Task instructions. Nothing but an exact repeat of the data, with pictures removed, belongs in the answer.
======== Collected material ========
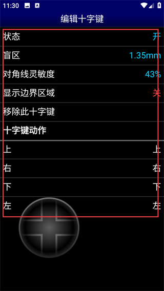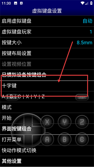 2、在虚拟键盘设置页找到【十字键】选项,点击它就能进入十字键的详细编辑界面,调整操作参数哦。
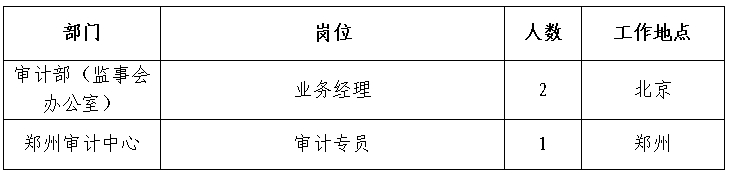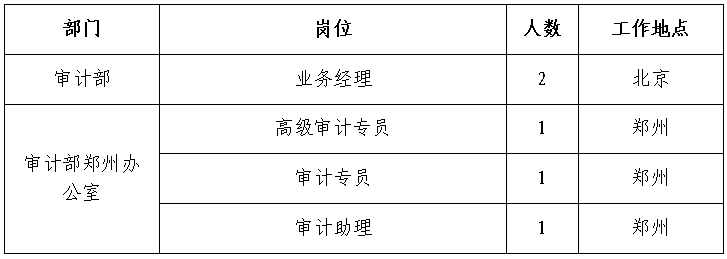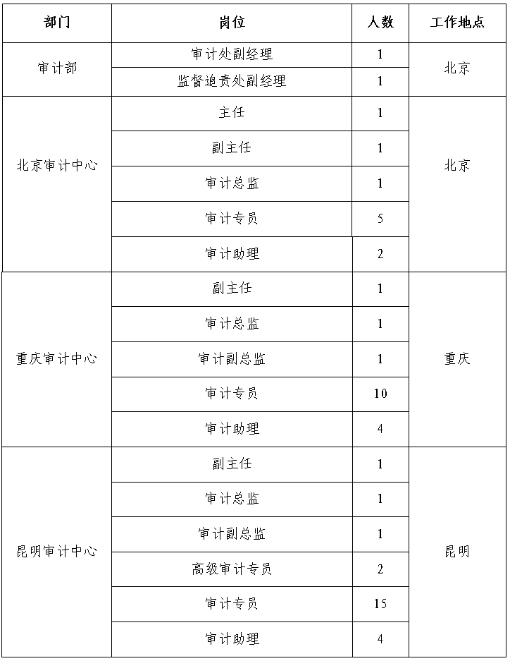 根據(jù)工作需要,經(jīng)研究決定,現(xiàn)面向社會(huì)公開(kāi)招聘方式補(bǔ)充集團(tuán)總部、有關(guān)單位審計(jì)人員65人,F(xiàn)將有關(guān)事項(xiàng)公告如下:
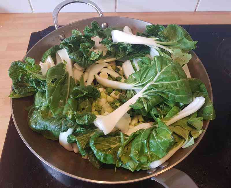 Des verts de blettes, blanchis, et immediatement rafraichis.
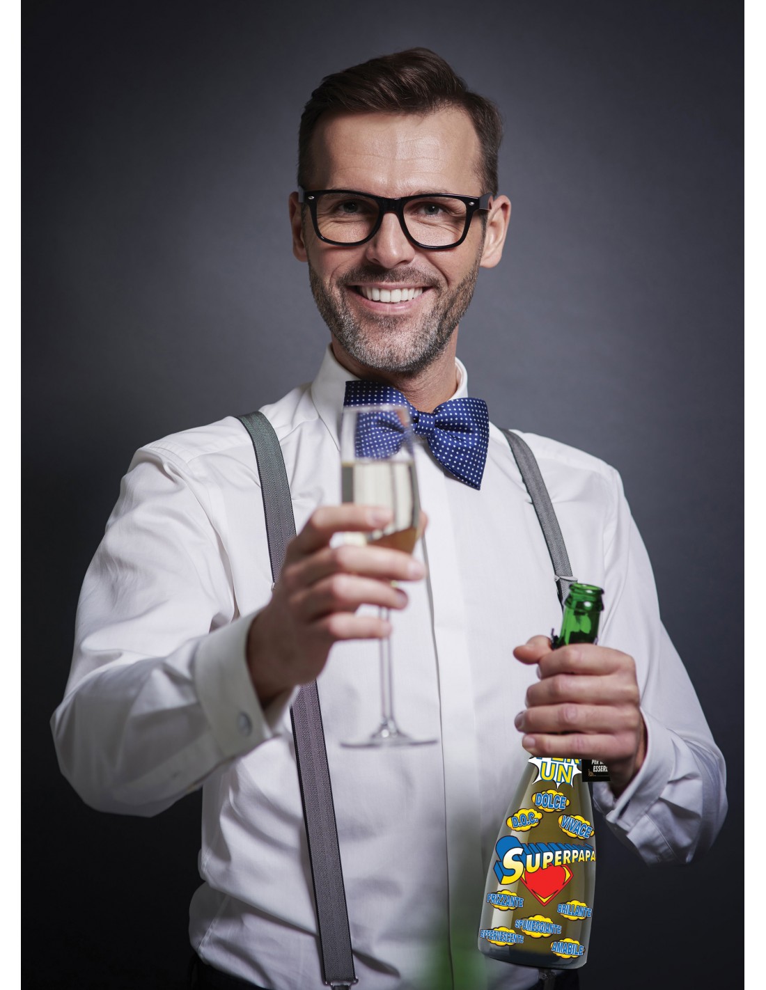 Per festeggiare in maniera spumeggiante, ecco una Bottiglia con la S maiuscola, non la classica bottiglia di vino ma la bottiglia per un SUPERPAPA'.
========
Response.
 2、在虚拟键盘设置页找到【十字键】选项,点击它就能进入十字键的详细编辑界面,调整操作参数哦。
 根據(jù)工作需要,經(jīng)研究決定,現(xiàn)面向社會(huì)公開(kāi)招聘方式補(bǔ)充集團(tuán)總部、有關(guān)單位審計(jì)人員65人,F(xiàn)將有關(guān)事項(xiàng)公告如下:
 Des verts de blettes, blanchis, et immediatement rafraichis.
 Per festeggiare in maniera spumeggiante, ecco una Bottiglia con la S maiuscola, non la classica bottiglia di vino ma la bottiglia per un SUPERPAPA'.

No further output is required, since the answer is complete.